Starting with the line with "pelican. The bird" in the entries below and going on through the line with "创建备份策略,名称自定义,快", output every line exactly and nothing more. No pictures.

*STUDY MATERIAL*:
*** Block opens ***

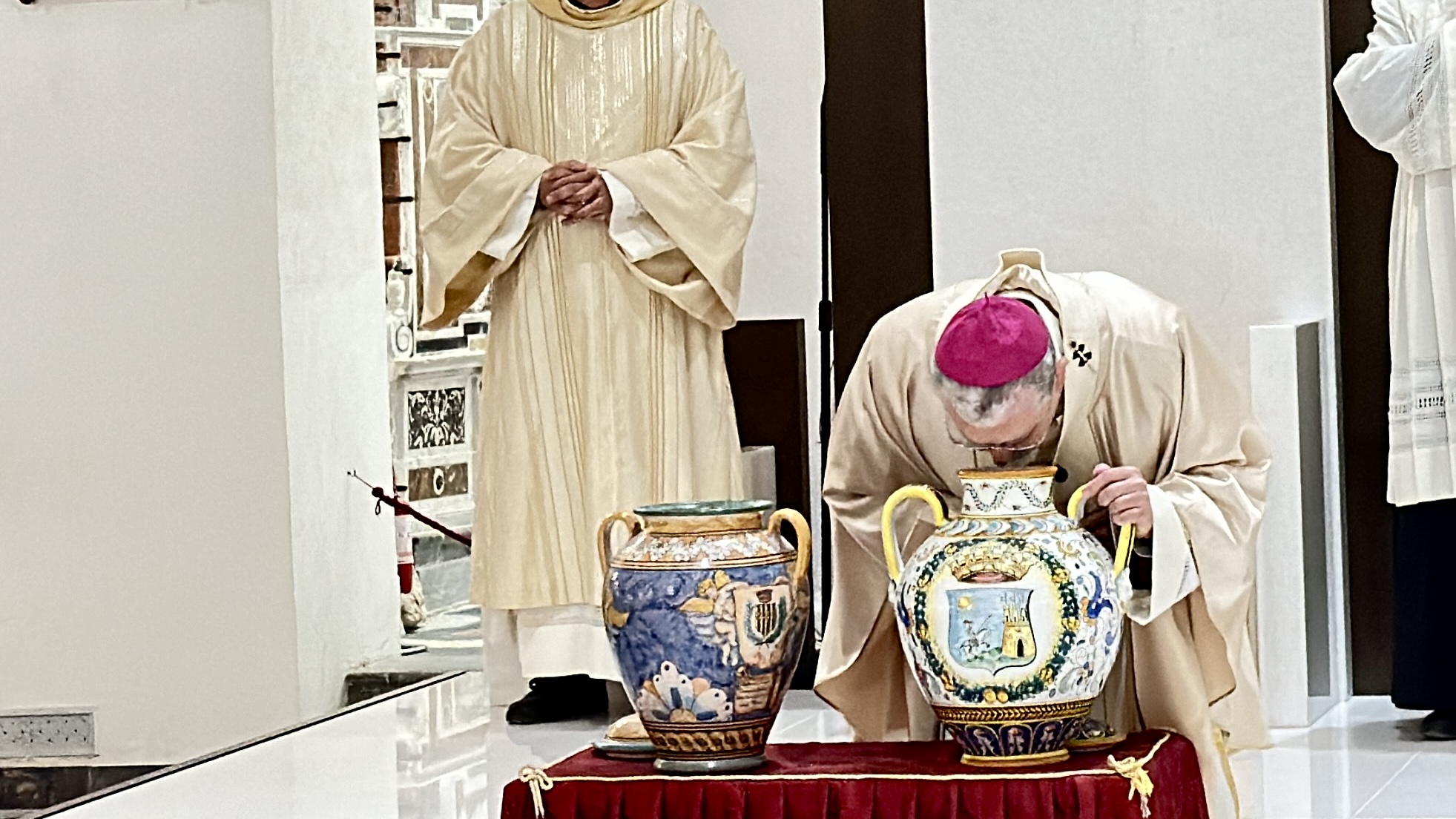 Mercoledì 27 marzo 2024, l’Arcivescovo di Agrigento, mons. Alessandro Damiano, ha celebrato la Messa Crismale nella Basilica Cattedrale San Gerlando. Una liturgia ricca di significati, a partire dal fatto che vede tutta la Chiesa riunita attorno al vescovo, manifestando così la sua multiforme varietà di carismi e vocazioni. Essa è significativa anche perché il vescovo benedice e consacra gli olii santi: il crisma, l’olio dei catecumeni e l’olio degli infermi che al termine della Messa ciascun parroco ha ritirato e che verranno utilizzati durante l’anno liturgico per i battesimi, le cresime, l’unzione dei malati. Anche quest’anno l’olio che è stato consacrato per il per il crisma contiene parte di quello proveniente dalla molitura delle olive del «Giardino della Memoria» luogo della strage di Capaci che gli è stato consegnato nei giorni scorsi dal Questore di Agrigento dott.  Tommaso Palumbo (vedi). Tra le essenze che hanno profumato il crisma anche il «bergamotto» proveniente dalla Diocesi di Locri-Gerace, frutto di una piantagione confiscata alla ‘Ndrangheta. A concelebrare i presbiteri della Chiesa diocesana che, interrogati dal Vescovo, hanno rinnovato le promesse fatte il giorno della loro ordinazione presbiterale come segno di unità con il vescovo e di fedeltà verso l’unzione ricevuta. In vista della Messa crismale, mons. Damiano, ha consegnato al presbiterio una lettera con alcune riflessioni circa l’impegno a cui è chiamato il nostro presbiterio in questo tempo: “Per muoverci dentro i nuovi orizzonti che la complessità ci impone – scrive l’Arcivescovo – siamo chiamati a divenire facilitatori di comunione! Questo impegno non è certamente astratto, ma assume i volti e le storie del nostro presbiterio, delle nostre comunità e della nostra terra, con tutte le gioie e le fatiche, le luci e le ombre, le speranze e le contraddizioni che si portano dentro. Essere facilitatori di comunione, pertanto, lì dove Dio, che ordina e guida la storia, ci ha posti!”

*** Block closes ***
*** Block opens ***

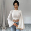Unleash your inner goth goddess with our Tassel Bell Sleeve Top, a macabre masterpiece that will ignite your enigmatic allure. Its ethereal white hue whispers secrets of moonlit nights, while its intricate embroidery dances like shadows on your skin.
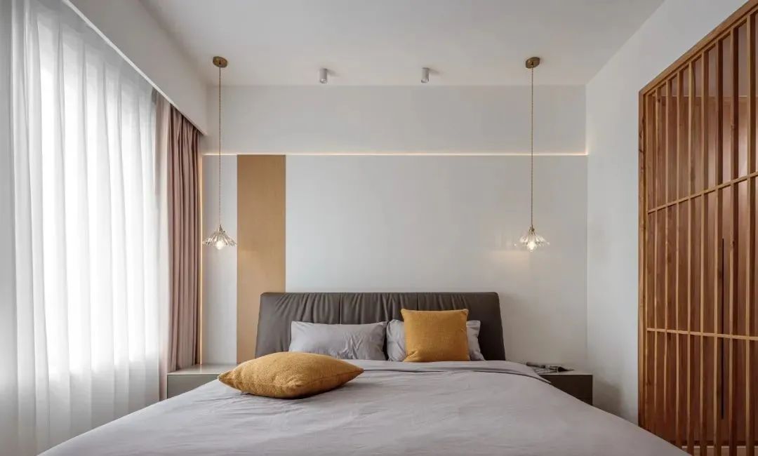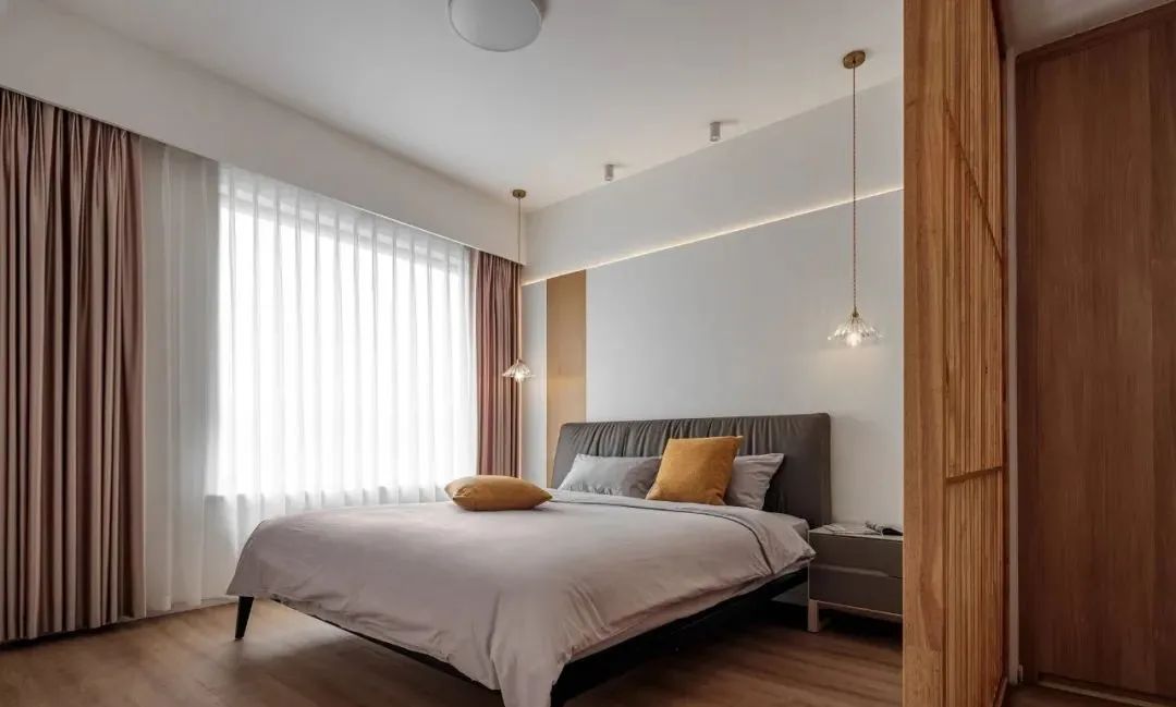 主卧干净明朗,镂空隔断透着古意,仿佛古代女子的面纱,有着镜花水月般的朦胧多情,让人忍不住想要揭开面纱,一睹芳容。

*** Block closes ***
*** Block opens ***

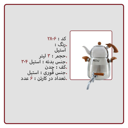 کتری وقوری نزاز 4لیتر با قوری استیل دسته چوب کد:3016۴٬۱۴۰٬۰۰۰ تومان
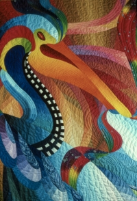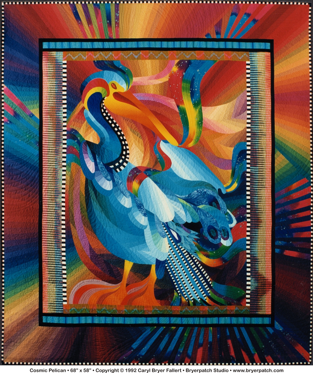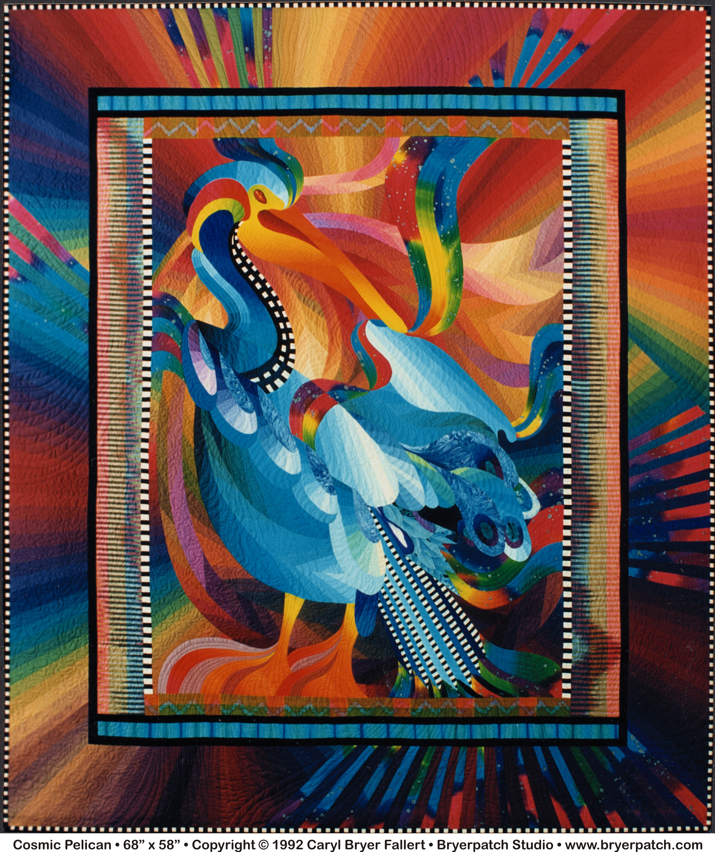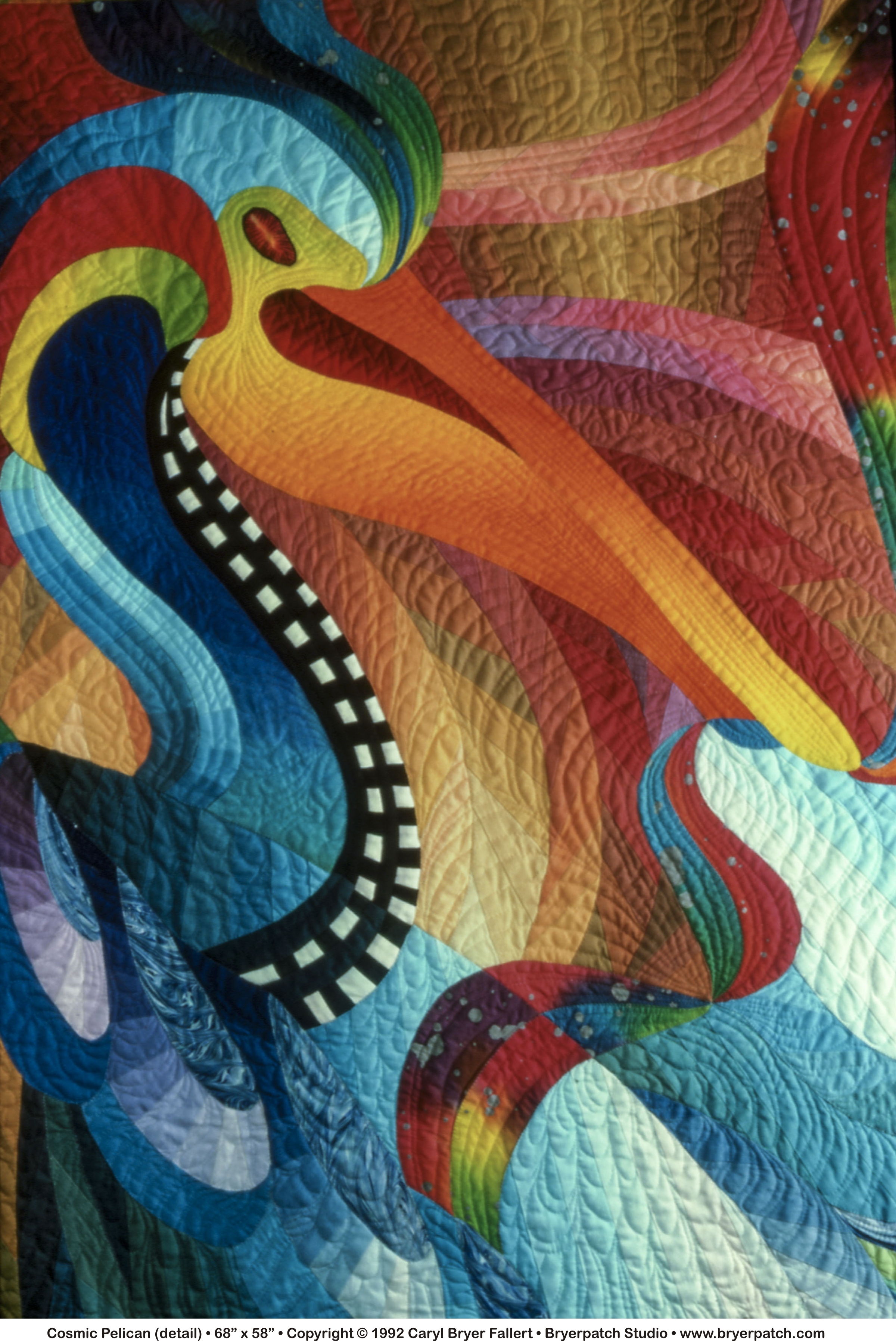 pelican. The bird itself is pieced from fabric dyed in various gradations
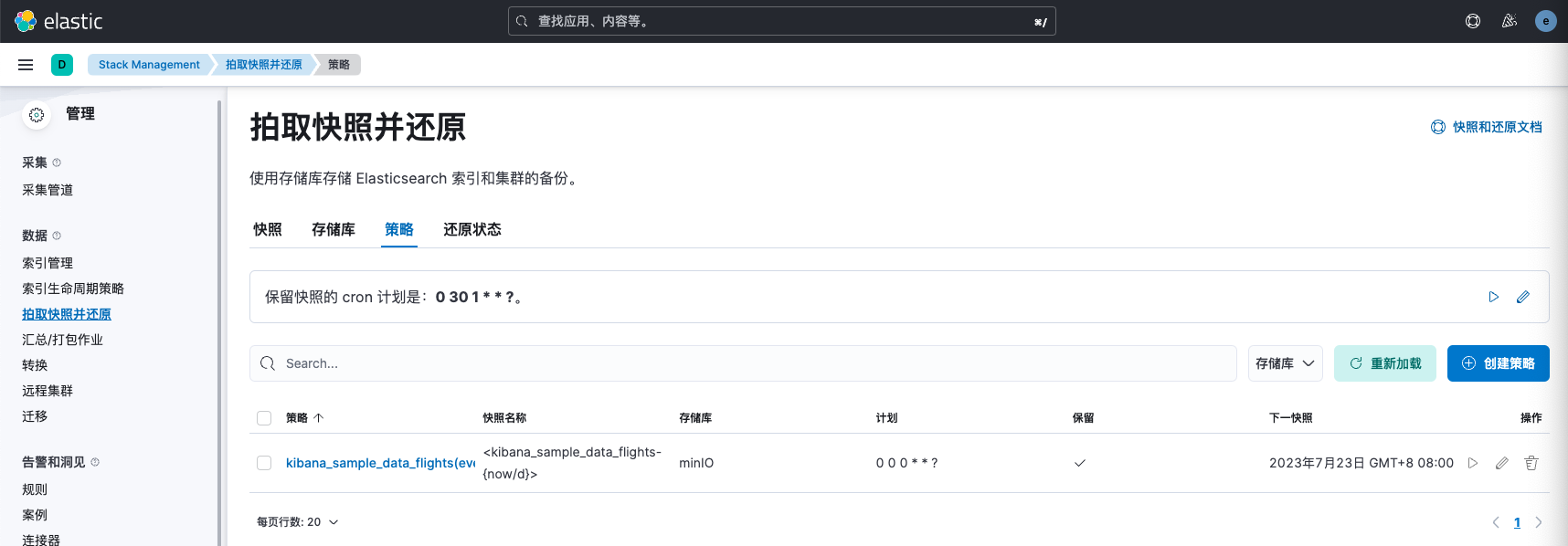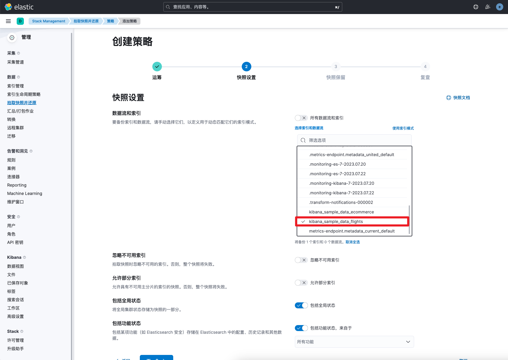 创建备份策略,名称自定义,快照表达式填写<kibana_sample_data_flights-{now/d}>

*** Block closes ***

*WRITTEN RESPONSE*:
 pelican. The bird itself is pieced from fabric dyed in various gradations
 创建备份策略,名称自定义,快照表达式填写<kibana_sample_data_flights-{now/d}>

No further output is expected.